-- Task statement --
Leave the pictures out, and transcribe the material below exactly from the line with "Алмазна мозаїка Strateg" to the line with "संस्कार गुरूकूलको संचालक", both lines included.

Records supplied Start Marker

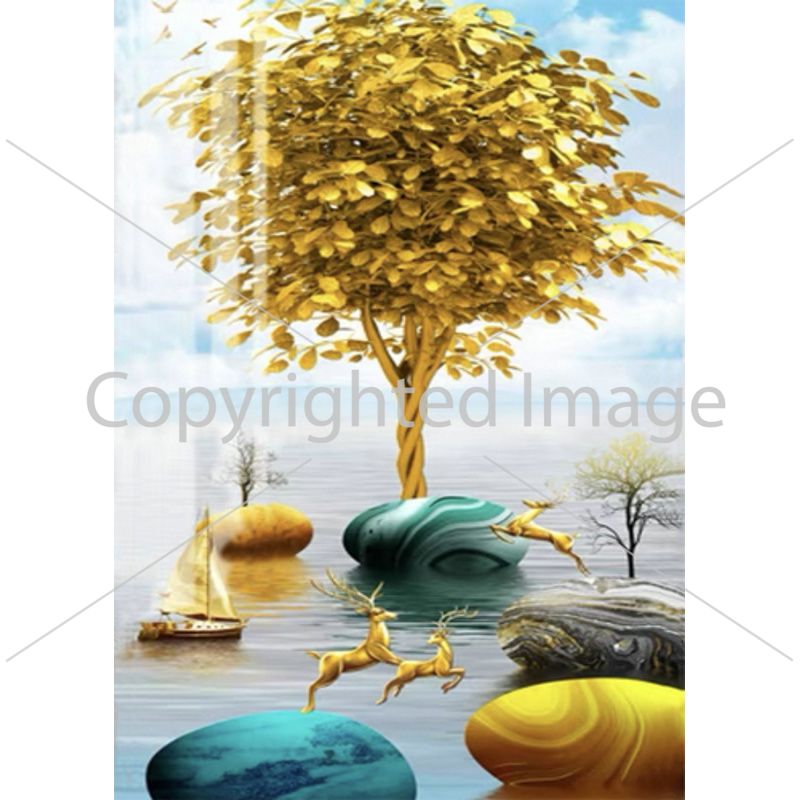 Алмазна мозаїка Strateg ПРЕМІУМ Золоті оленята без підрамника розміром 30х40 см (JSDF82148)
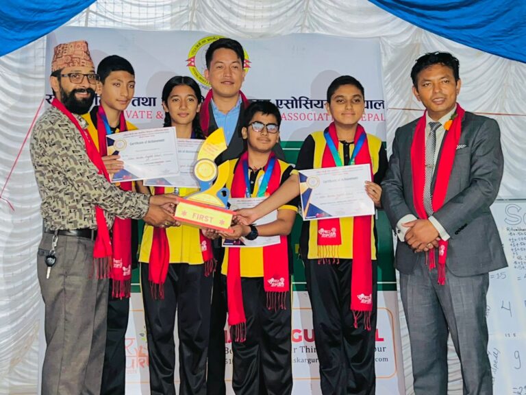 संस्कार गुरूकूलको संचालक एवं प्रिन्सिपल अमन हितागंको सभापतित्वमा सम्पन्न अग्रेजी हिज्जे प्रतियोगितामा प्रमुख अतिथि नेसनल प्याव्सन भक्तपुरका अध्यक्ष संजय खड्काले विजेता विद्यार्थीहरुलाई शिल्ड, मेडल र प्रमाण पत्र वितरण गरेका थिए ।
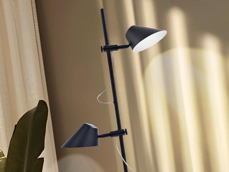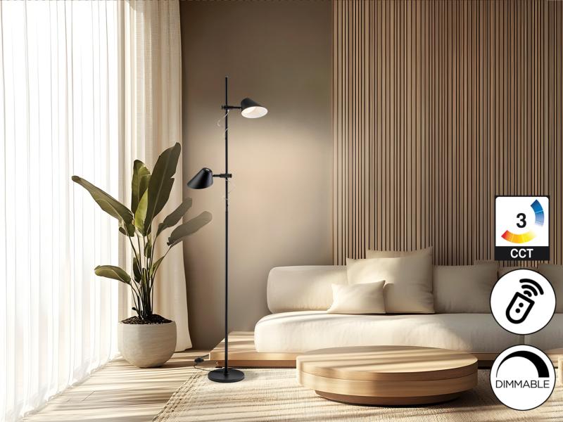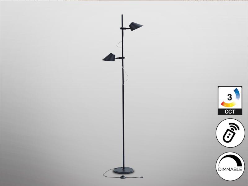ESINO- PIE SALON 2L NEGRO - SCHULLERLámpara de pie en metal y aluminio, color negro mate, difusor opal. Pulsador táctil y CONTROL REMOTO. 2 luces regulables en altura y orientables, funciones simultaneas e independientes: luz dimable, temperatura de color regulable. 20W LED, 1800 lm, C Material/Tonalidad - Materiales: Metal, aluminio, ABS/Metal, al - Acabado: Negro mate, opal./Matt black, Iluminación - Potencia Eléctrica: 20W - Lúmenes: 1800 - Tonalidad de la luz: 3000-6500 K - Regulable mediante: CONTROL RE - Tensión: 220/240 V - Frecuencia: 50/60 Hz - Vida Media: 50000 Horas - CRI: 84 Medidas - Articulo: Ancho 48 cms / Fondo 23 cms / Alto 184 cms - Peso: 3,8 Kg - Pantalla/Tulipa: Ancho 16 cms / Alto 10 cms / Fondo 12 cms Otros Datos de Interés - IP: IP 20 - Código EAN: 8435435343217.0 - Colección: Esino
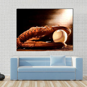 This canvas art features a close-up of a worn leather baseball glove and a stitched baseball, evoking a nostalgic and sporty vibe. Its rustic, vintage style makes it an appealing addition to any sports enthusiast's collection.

Records supplied End Marker
Records supplied Start Marker

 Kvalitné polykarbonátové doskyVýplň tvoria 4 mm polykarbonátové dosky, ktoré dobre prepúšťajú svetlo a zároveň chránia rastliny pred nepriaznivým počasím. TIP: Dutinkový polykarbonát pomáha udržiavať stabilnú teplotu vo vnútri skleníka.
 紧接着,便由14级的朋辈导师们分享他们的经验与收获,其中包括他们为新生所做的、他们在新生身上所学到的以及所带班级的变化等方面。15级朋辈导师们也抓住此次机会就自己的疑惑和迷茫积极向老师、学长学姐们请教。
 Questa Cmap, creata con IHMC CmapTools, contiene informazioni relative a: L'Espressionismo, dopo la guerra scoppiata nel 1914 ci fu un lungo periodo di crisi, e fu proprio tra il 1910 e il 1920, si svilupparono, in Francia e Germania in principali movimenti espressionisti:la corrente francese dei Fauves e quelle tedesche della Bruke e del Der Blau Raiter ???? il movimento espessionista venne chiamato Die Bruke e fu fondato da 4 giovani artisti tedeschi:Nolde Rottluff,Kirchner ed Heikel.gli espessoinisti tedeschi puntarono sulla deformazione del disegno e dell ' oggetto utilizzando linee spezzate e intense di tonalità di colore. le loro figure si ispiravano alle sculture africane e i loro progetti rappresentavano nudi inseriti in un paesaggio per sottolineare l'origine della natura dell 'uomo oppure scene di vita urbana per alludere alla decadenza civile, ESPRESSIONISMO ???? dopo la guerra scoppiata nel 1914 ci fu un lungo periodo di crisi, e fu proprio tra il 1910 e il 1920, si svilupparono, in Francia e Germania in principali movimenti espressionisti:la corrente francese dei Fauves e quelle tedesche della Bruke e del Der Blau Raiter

Records supplied End Marker

-- Task answer --
 Алмазна мозаїка Strateg ПРЕМІУМ Золоті оленята без підрамника розміром 30х40 см (JSDF82148)
 संस्कार गुरूकूलको संचालक एवं प्रिन्सिपल अमन हितागंको सभापतित्वमा सम्पन्न अग्रेजी हिज्जे प्रतियोगितामा प्रमुख अतिथि नेसनल प्याव्सन भक्तपुरका अध्यक्ष संजय खड्काले विजेता विद्यार्थीहरुलाई शिल्ड, मेडल र प्रमाण पत्र वितरण गरेका थिए ।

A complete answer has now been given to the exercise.